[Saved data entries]
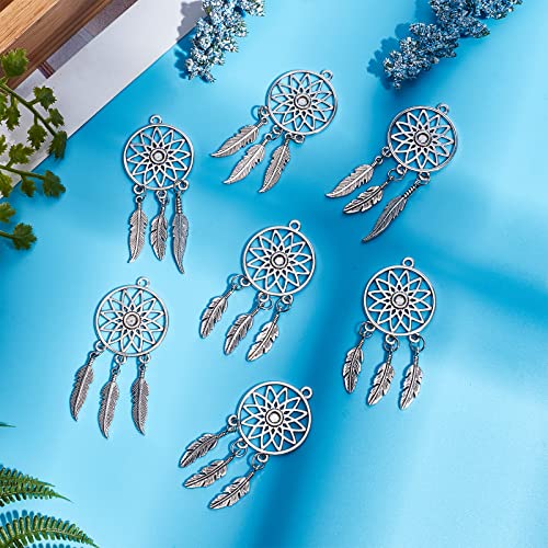 NBEADS 16 pz 4 Stili Ciondoli Acchiappasogni in Stile Tibetano, Charms Dreamcatcher con Ciondoli Grandi in Lega d'Argento Antico per Gioielli Fai-da-Te con Portachiavi, Collana, Portafogli, Appeso
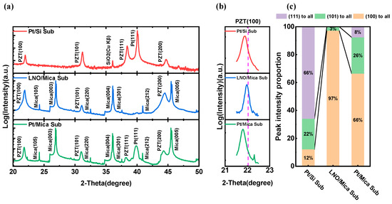 For the fabricated PZT thin film in this work, its composition is located at the morphotropic phase boundary (MPB) in the PbZrO3-PbTiO3 phase diagram, which means a mixed phase of tetragonal (T phase) and rhombohedral (R phase) [23,24]. The polarization of Pb(Zr,Ti)O3 in the T phase points to the (001) direction, while that in the R phase points to the (111) direction. For (001)/(100)- and (111)-oriented PZT thin films, their polarization can be more easily switched using external stimulation and exhibits a better ferroelectric and piezoelectric response. The orientation preference of PZT films on different substrates could be characterized by the relative intensity of diffraction peaks. Figure 2c further summarizes the percentages of (100)-, (101)-, and (111)-oriented PZT films on the Pt/Si substrate, LNO/Mica substrate, and Pt/Mica substrate, respectively. It can be seen that, for the PZT thin film on Pt/Si substate, the ratio of I(100) + I(111) to I(100) + I(101) + I(111) was 0.78, while that of PZT on LNO/Mica and on Pt/Mica substrate was 0.97 and 0.74, respectively. It was also noticed that the (111) of PZT disappeared when the thin film was deposited on an LNO/Mica substrate. It is evident that the PZT thin film on the LNO/Mica substrate, guided by the LNO layer with the same perovskite structure, exhibits a strong (100) preferred orientation, which may also indicate that the LNO/Mica substrate has the potential to induce greater out-of-plane polarization of PZT films; that is, under the same test conditions, PZT films on an LNO/Mica substrate may exhibit higher remanent polarization.
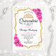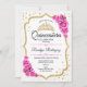 Quinceanera Party Invitation. Elegant design in white, pink and gold. Features script font, pink roses, tiara and confetti. Classy design with faux glitter gold foil. Perfect for a stylish glam celebration.
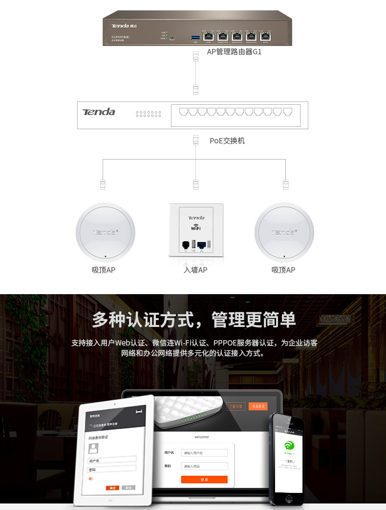 :騰達(dá) M3 無線ac管理認(rèn)證千兆無線ap控制器
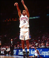 Tony-Delk-(2000-02)Présent sur le parquet avec les Warriors le soir de la performance de Tracy Murray, Tony Delk connaitra son jour de gloire quelques années plus tard avec les Phoenix Suns. Star universitaire et Most Oustanding Player du Final Four 1996 remporté par Kentucky, Delk est drafté par les Hornets à la sortie de Collège. Scoreur en sortie de banc à Charlotte, puis Golden State et Sacramento, il signe à Phoenix au début de la saison 2000-01 avec toujours le même rôle. Dans un effectif riche, il est le back-up de luxe de Mario Elie dans l’Arizona. Alors quand Super Mario se blesse un soir de décembre 2000, Delk est propulsé dans le 5 de départ des Suns au côté de Jason Kidd. Et c’est une nouvelle fois face à son ancienne équipe que Delk va sortir une performance venue d’ailleurs dans lors d’une rencontre entre deux des meilleurs équipes de la conférence Ouest. Face aux Kings de Sacramento, Delk inscriera la bagatelle de 53 points à 20 sur 27 au shoot en 50 minutes mais ne pourra empêcher la défaite de son équipe en prolongation, 121 à 117. Au contraire de Barros, Burton ou Murray, la performance de Delk est remarquable car elle a été réalisée lors d’un match serré et à enjeux.
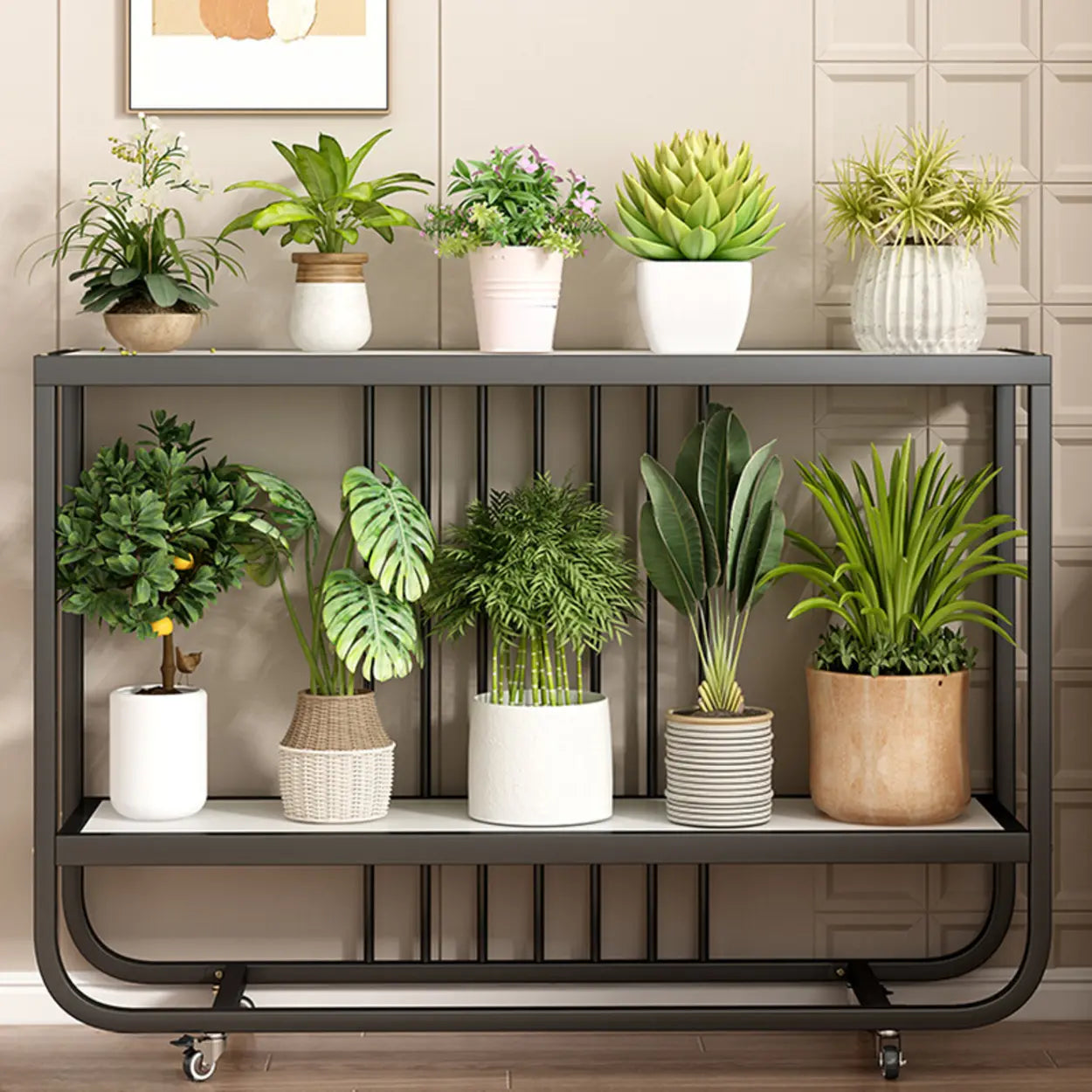 Trendy Rectangle Metal Rolling 2 Tier Plant Stand Black
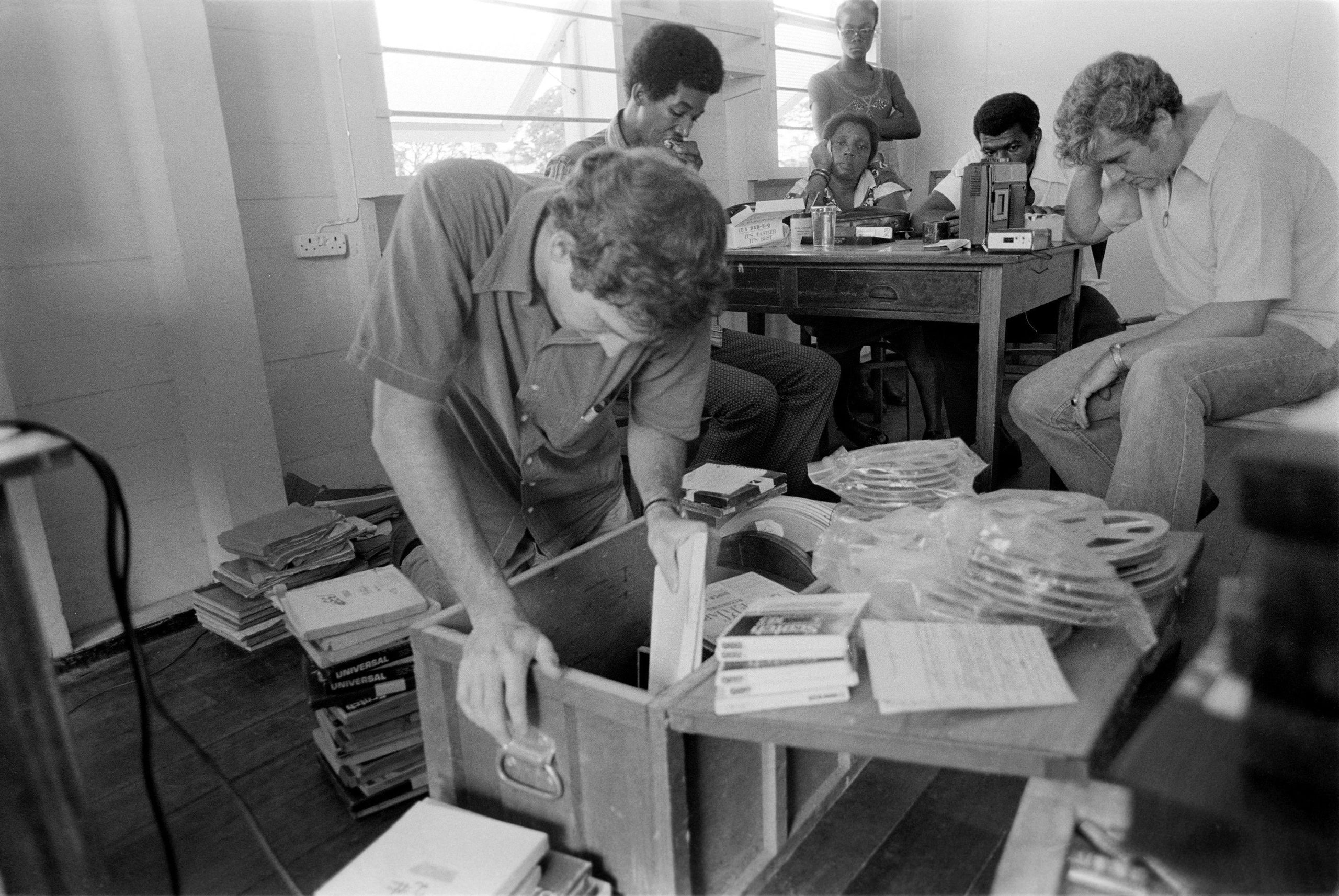 Agentes del FBI en Jonestown, revisando archivos y cintas, tras la masacre ordenada el 18 de noviembre de 1978 por el reverendo James (Jim) Jones, considerado el mayor asesino en masa de la historia.
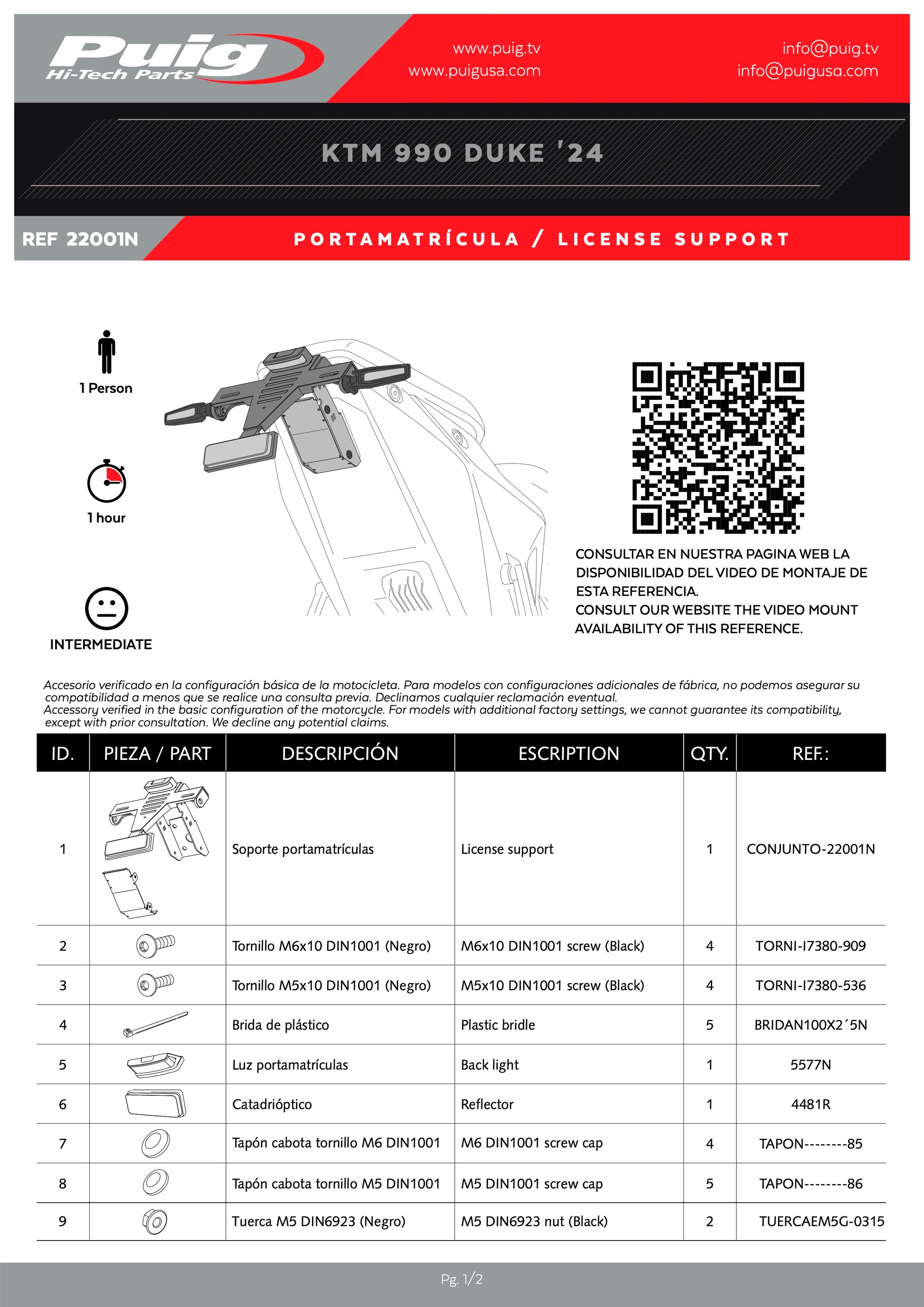 Puig License Plate Holder Fender Eliminator KTM 990 DUKE 2024-2025
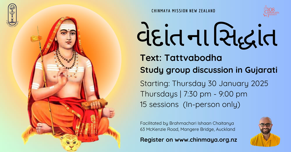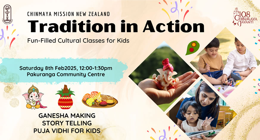 Chinmaya Nikunj Wellbeing & Events Centre, 63 McKenzie Road, Mangere BridgeRegister Join us for a weekly study group dedicated to exploring Chapter 6 of the Shrimad Bhagavad Gita. This chapter, known as Dhyana Yoga or the Yoga of Meditation, delves into the principles of mindfulness, self-discipline, and inner peace. Together, we will unpack its timeless teachings, reflect on their practical relevance, and engage in meaningful discussions to […]
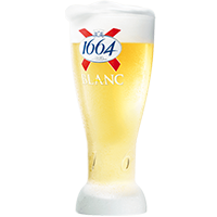 Lancée en 2006, la 1664 Blanc est LA bière blanche moderne – grâce, notamment, à son design futuriste. Avec sa bouteille bleue et son goût unique, la 1664 Blanc est un plaisir à la fois pour les yeux et pour la bouche. Elle incarne le « goût à la française » dans l’univers des bières blanches. Authentique et facile à boire avec son corps fruité et ses subtils arômes d’agrumes, de citron et de coriandre. Une bière française pour une cuisine légère et méditerranéenne comme les fruits de mer ou les viandes grillées.
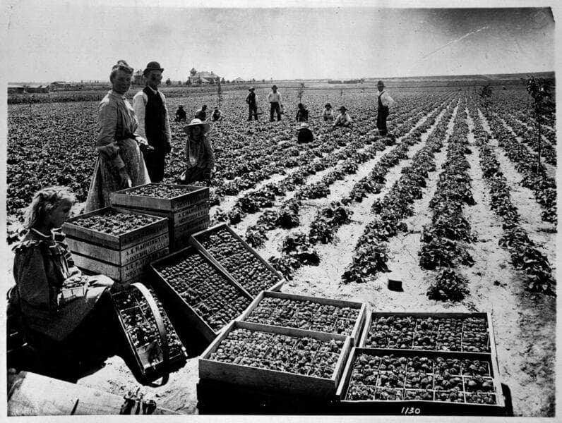 A group of men, women and children in a wooden structure with flats of cut fruit on the table and boxes of whole fruit.
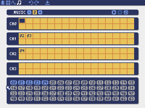 Example:pyxel.musics[0].set([0, 1], [], [3]) -

### What the task requires
Please return the entries above exactly as they appear, but without the pictures.

### Solution to this exercise
 NBEADS 16 pz 4 Stili Ciondoli Acchiappasogni in Stile Tibetano, Charms Dreamcatcher con Ciondoli Grandi in Lega d'Argento Antico per Gioielli Fai-da-Te con Portachiavi, Collana, Portafogli, Appeso
 For the fabricated PZT thin film in this work, its composition is located at the morphotropic phase boundary (MPB) in the PbZrO3-PbTiO3 phase diagram, which means a mixed phase of tetragonal (T phase) and rhombohedral (R phase) [23,24]. The polarization of Pb(Zr,Ti)O3 in the T phase points to the (001) direction, while that in the R phase points to the (111) direction. For (001)/(100)- and (111)-oriented PZT thin films, their polarization can be more easily switched using external stimulation and exhibits a better ferroelectric and piezoelectric response. The orientation preference of PZT films on different substrates could be characterized by the relative intensity of diffraction peaks. Figure 2c further summarizes the percentages of (100)-, (101)-, and (111)-oriented PZT films on the Pt/Si substrate, LNO/Mica substrate, and Pt/Mica substrate, respectively. It can be seen that, for the PZT thin film on Pt/Si substate, the ratio of I(100) + I(111) to I(100) + I(101) + I(111) was 0.78, while that of PZT on LNO/Mica and on Pt/Mica substrate was 0.97 and 0.74, respectively. It was also noticed that the (111) of PZT disappeared when the thin film was deposited on an LNO/Mica substrate. It is evident that the PZT thin film on the LNO/Mica substrate, guided by the LNO layer with the same perovskite structure, exhibits a strong (100) preferred orientation, which may also indicate that the LNO/Mica substrate has the potential to induce greater out-of-plane polarization of PZT films; that is, under the same test conditions, PZT films on an LNO/Mica substrate may exhibit higher remanent polarization.
 Quinceanera Party Invitation. Elegant design in white, pink and gold. Features script font, pink roses, tiara and confetti. Classy design with faux glitter gold foil. Perfect for a stylish glam celebration.
 :騰達(dá) M3 無線ac管理認(rèn)證千兆無線ap控制器
 Tony-Delk-(2000-02)Présent sur le parquet avec les Warriors le soir de la performance de Tracy Murray, Tony Delk connaitra son jour de gloire quelques années plus tard avec les Phoenix Suns. Star universitaire et Most Oustanding Player du Final Four 1996 remporté par Kentucky, Delk est drafté par les Hornets à la sortie de Collège. Scoreur en sortie de banc à Charlotte, puis Golden State et Sacramento, il signe à Phoenix au début de la saison 2000-01 avec toujours le même rôle. Dans un effectif riche, il est le back-up de luxe de Mario Elie dans l’Arizona. Alors quand Super Mario se blesse un soir de décembre 2000, Delk est propulsé dans le 5 de départ des Suns au côté de Jason Kidd. Et c’est une nouvelle fois face à son ancienne équipe que Delk va sortir une performance venue d’ailleurs dans lors d’une rencontre entre deux des meilleurs équipes de la conférence Ouest. Face aux Kings de Sacramento, Delk inscriera la bagatelle de 53 points à 20 sur 27 au shoot en 50 minutes mais ne pourra empêcher la défaite de son équipe en prolongation, 121 à 117. Au contraire de Barros, Burton ou Murray, la performance de Delk est remarquable car elle a été réalisée lors d’un match serré et à enjeux.
 Trendy Rectangle Metal Rolling 2 Tier Plant Stand Black
 Agentes del FBI en Jonestown, revisando archivos y cintas, tras la masacre ordenada el 18 de noviembre de 1978 por el reverendo James (Jim) Jones, considerado el mayor asesino en masa de la historia.
 Puig License Plate Holder Fender Eliminator KTM 990 DUKE 2024-2025
 Chinmaya Nikunj Wellbeing & Events Centre, 63 McKenzie Road, Mangere BridgeRegister Join us for a weekly study group dedicated to exploring Chapter 6 of the Shrimad Bhagavad Gita. This chapter, known as Dhyana Yoga or the Yoga of Meditation, delves into the principles of mindfulness, self-discipline, and inner peace. Together, we will unpack its timeless teachings, reflect on their practical relevance, and engage in meaningful discussions to […]
 Lancée en 2006, la 1664 Blanc est LA bière blanche moderne – grâce, notamment, à son design futuriste. Avec sa bouteille bleue et son goût unique, la 1664 Blanc est un plaisir à la fois pour les yeux et pour la bouche. Elle incarne le « goût à la française » dans l’univers des bières blanches. Authentique et facile à boire avec son corps fruité et ses subtils arômes d’agrumes, de citron et de coriandre. Une bière française pour une cuisine légère et méditerranéenne comme les fruits de mer ou les viandes grillées.
 A group of men, women and children in a wooden structure with flats of cut fruit on the table and boxes of whole fruit.
 Example:pyxel.musics[0].set([0, 1], [], [3]) -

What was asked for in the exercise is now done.